The problem
Apart from the pictures, please restate every entry below exactly.

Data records
--- --- ---
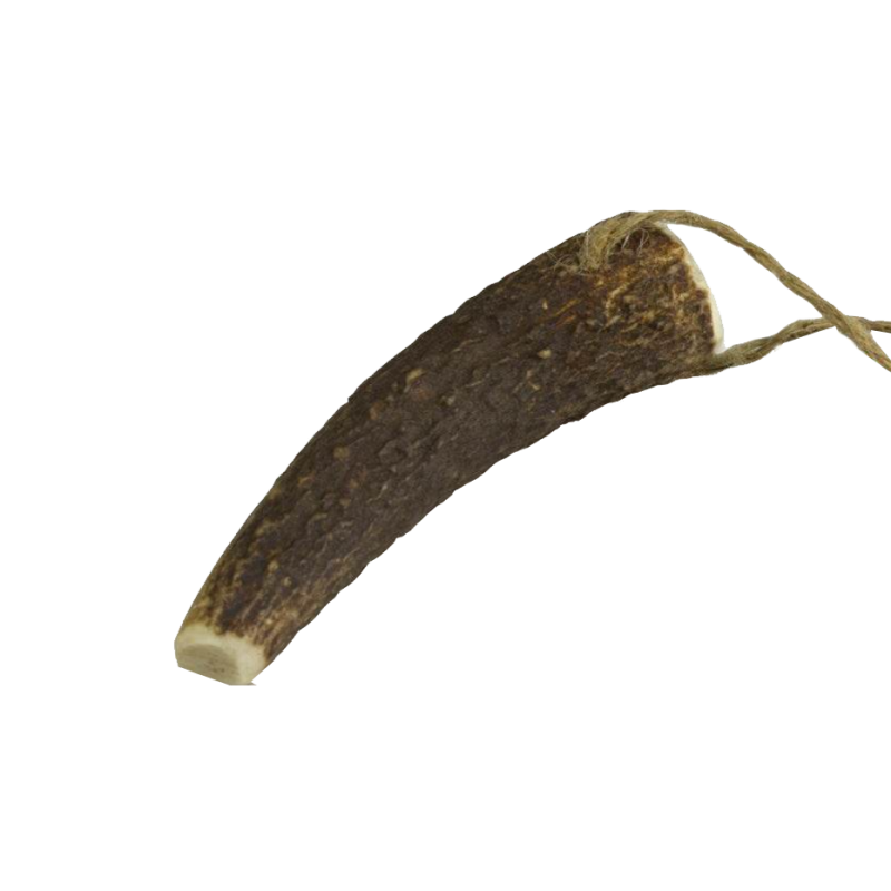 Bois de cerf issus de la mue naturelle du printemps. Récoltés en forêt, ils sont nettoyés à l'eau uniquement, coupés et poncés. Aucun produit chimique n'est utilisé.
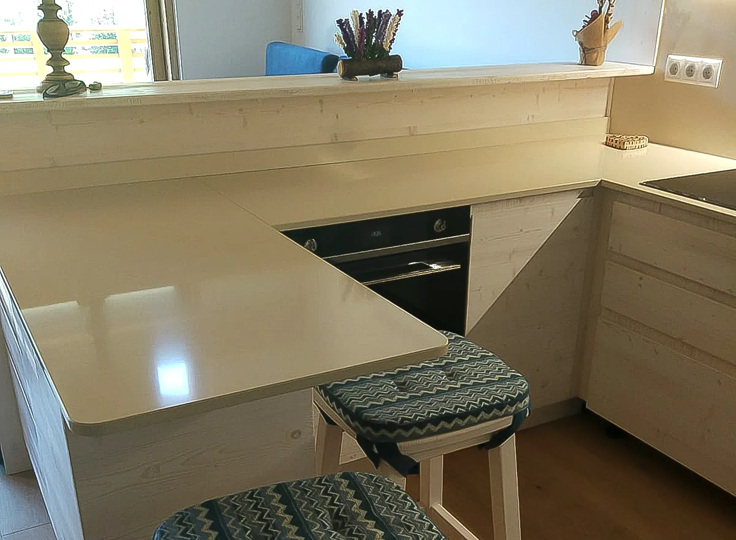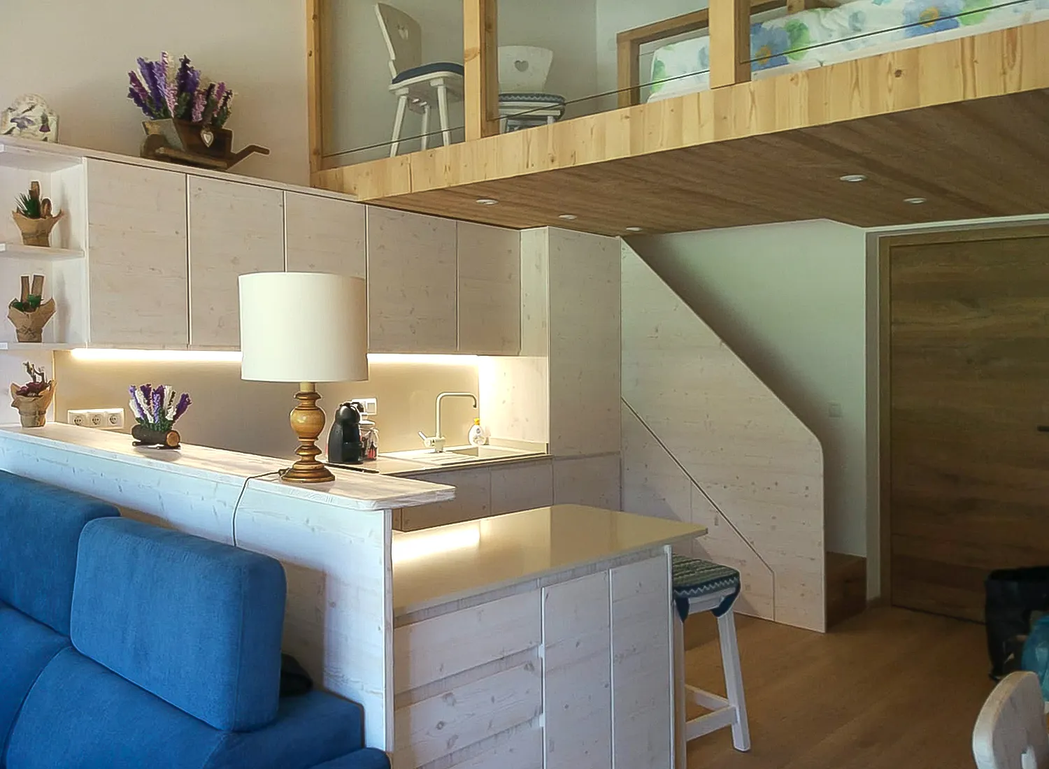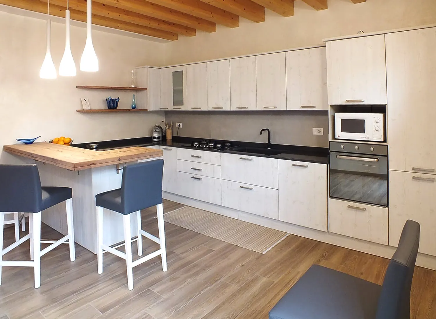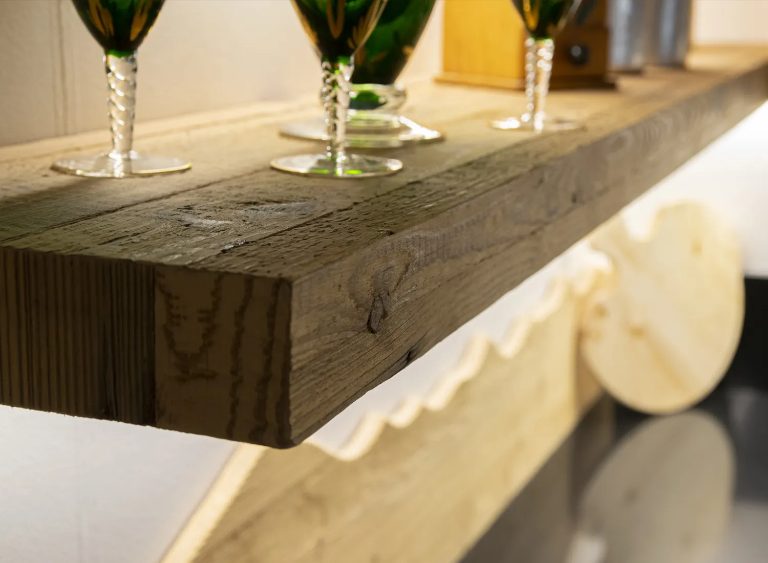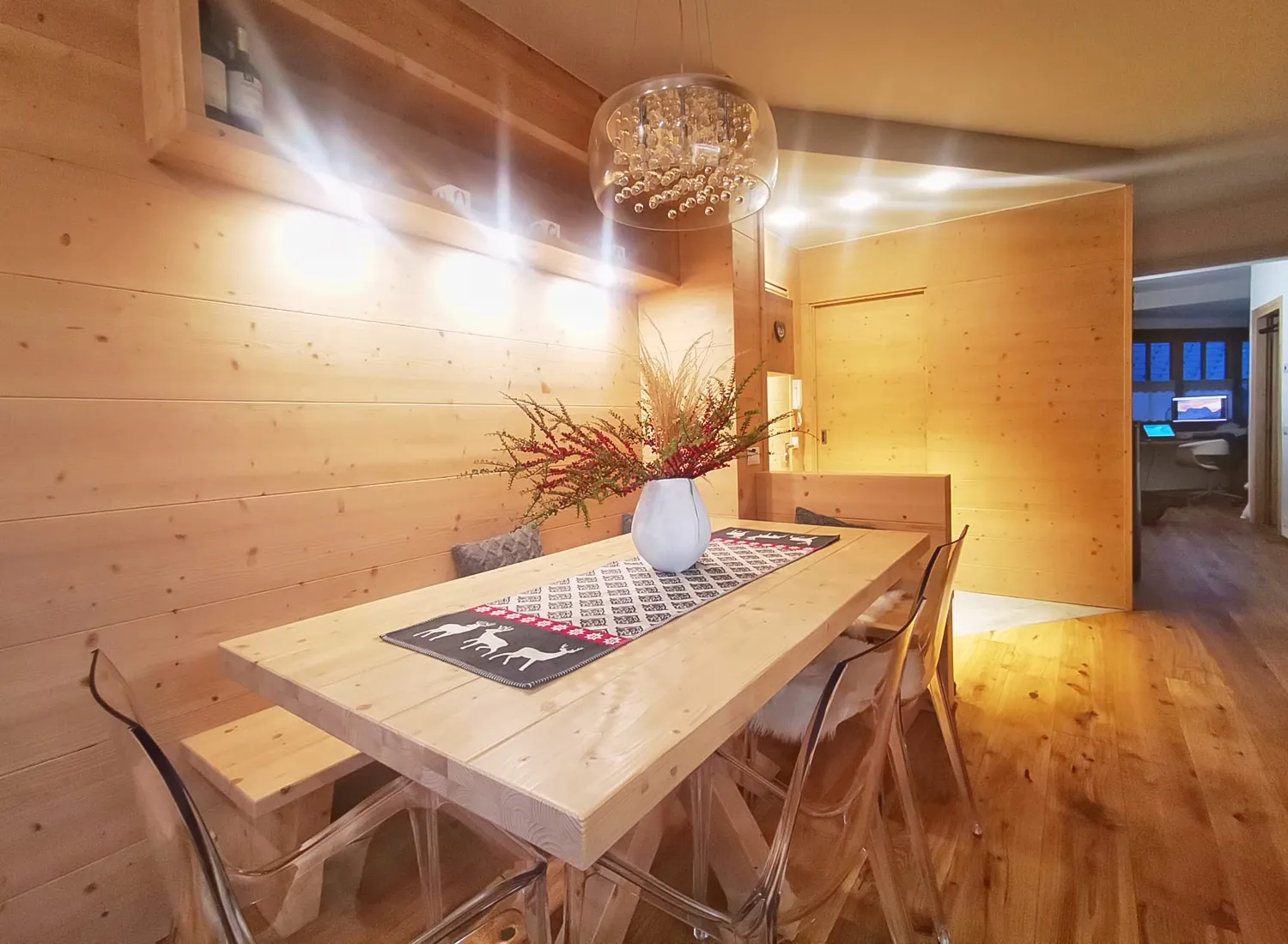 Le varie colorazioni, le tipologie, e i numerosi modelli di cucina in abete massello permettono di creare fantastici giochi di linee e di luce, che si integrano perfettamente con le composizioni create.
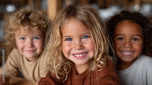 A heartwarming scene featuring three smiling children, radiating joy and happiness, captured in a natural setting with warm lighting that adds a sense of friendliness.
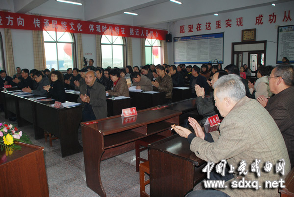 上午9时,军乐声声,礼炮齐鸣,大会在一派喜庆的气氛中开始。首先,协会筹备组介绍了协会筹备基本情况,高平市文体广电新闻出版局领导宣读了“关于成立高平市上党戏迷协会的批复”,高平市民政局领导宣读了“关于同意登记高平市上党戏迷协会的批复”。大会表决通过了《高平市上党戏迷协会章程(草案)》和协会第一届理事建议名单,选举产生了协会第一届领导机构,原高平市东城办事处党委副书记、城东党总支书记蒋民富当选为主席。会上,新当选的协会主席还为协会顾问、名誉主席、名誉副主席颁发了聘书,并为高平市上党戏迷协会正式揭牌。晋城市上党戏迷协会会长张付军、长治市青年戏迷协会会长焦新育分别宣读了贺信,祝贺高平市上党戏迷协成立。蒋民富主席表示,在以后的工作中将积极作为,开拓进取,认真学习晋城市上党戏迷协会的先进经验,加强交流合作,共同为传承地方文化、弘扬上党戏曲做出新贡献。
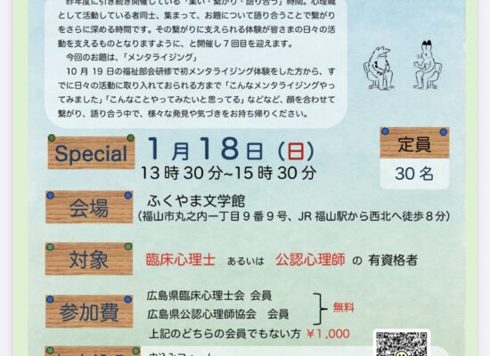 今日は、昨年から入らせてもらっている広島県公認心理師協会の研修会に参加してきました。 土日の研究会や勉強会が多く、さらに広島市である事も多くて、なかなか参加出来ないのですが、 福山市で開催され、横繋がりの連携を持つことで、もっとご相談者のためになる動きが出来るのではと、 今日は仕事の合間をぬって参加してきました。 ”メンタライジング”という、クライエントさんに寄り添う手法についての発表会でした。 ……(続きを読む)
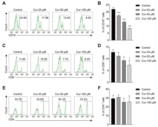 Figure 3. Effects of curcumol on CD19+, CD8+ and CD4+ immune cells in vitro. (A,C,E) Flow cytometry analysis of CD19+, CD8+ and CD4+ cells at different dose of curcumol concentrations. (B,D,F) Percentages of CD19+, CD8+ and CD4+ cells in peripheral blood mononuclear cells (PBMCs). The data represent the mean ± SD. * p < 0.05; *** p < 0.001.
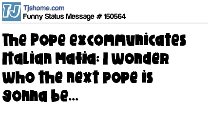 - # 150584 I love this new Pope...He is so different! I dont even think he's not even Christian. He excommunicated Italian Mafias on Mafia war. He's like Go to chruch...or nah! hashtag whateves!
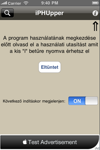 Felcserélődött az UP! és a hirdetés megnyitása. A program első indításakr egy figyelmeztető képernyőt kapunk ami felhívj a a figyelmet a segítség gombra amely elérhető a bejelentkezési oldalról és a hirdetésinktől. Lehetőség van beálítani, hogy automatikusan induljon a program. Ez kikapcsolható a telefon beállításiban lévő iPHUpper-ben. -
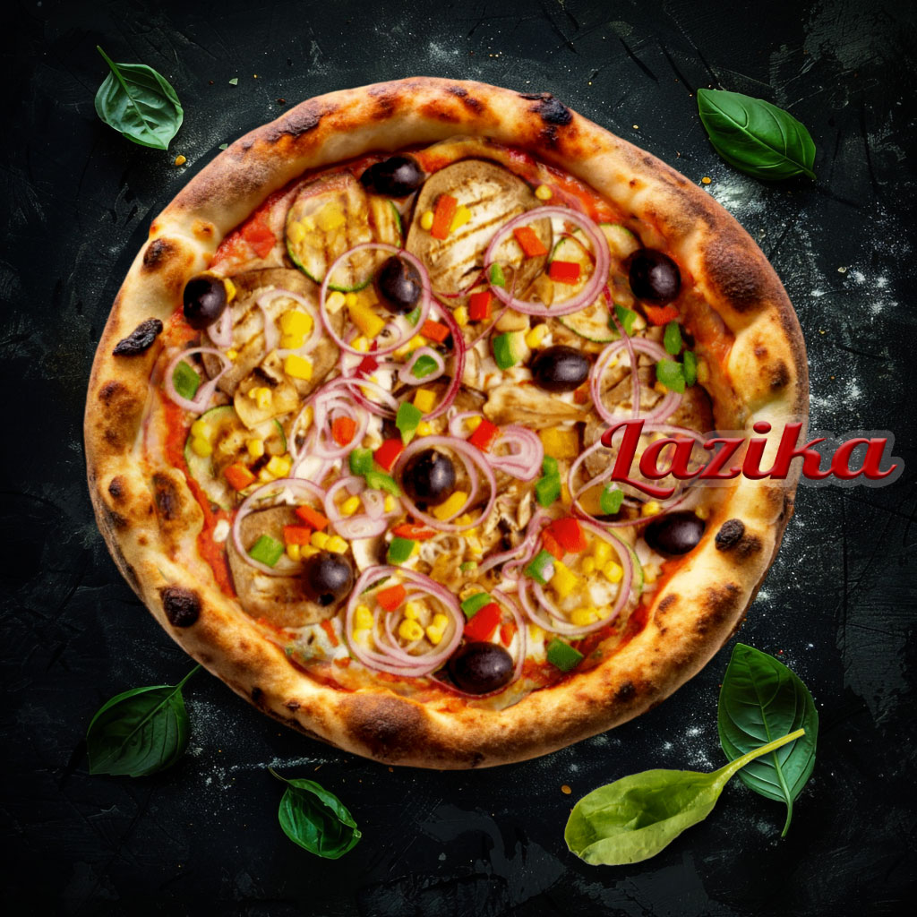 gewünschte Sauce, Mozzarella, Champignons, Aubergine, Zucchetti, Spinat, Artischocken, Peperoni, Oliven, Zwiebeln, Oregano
--- --- ---
Solution below
 Bois de cerf issus de la mue naturelle du printemps. Récoltés en forêt, ils sont nettoyés à l'eau uniquement, coupés et poncés. Aucun produit chimique n'est utilisé.
 Le varie colorazioni, le tipologie, e i numerosi modelli di cucina in abete massello permettono di creare fantastici giochi di linee e di luce, che si integrano perfettamente con le composizioni create.
 A heartwarming scene featuring three smiling children, radiating joy and happiness, captured in a natural setting with warm lighting that adds a sense of friendliness.
 上午9时,军乐声声,礼炮齐鸣,大会在一派喜庆的气氛中开始。首先,协会筹备组介绍了协会筹备基本情况,高平市文体广电新闻出版局领导宣读了“关于成立高平市上党戏迷协会的批复”,高平市民政局领导宣读了“关于同意登记高平市上党戏迷协会的批复”。大会表决通过了《高平市上党戏迷协会章程(草案)》和协会第一届理事建议名单,选举产生了协会第一届领导机构,原高平市东城办事处党委副书记、城东党总支书记蒋民富当选为主席。会上,新当选的协会主席还为协会顾问、名誉主席、名誉副主席颁发了聘书,并为高平市上党戏迷协会正式揭牌。晋城市上党戏迷协会会长张付军、长治市青年戏迷协会会长焦新育分别宣读了贺信,祝贺高平市上党戏迷协成立。蒋民富主席表示,在以后的工作中将积极作为,开拓进取,认真学习晋城市上党戏迷协会的先进经验,加强交流合作,共同为传承地方文化、弘扬上党戏曲做出新贡献。
 今日は、昨年から入らせてもらっている広島県公認心理師協会の研修会に参加してきました。 土日の研究会や勉強会が多く、さらに広島市である事も多くて、なかなか参加出来ないのですが、 福山市で開催され、横繋がりの連携を持つことで、もっとご相談者のためになる動きが出来るのではと、 今日は仕事の合間をぬって参加してきました。 ”メンタライジング”という、クライエントさんに寄り添う手法についての発表会でした。 ……(続きを読む)
 Figure 3. Effects of curcumol on CD19+, CD8+ and CD4+ immune cells in vitro. (A,C,E) Flow cytometry analysis of CD19+, CD8+ and CD4+ cells at different dose of curcumol concentrations. (B,D,F) Percentages of CD19+, CD8+ and CD4+ cells in peripheral blood mononuclear cells (PBMCs). The data represent the mean ± SD. * p < 0.05; *** p < 0.001.
 - # 150584 I love this new Pope...He is so different! I dont even think he's not even Christian. He excommunicated Italian Mafias on Mafia war. He's like Go to chruch...or nah! hashtag whateves!
 Felcserélődött az UP! és a hirdetés megnyitása. A program első indításakr egy figyelmeztető képernyőt kapunk ami felhívj a a figyelmet a segítség gombra amely elérhető a bejelentkezési oldalról és a hirdetésinktől. Lehetőség van beálítani, hogy automatikusan induljon a program. Ez kikapcsolható a telefon beállításiban lévő iPHUpper-ben. -
 gewünschte Sauce, Mozzarella, Champignons, Aubergine, Zucchetti, Spinat, Artischocken, Peperoni, Oliven, Zwiebeln, Oregano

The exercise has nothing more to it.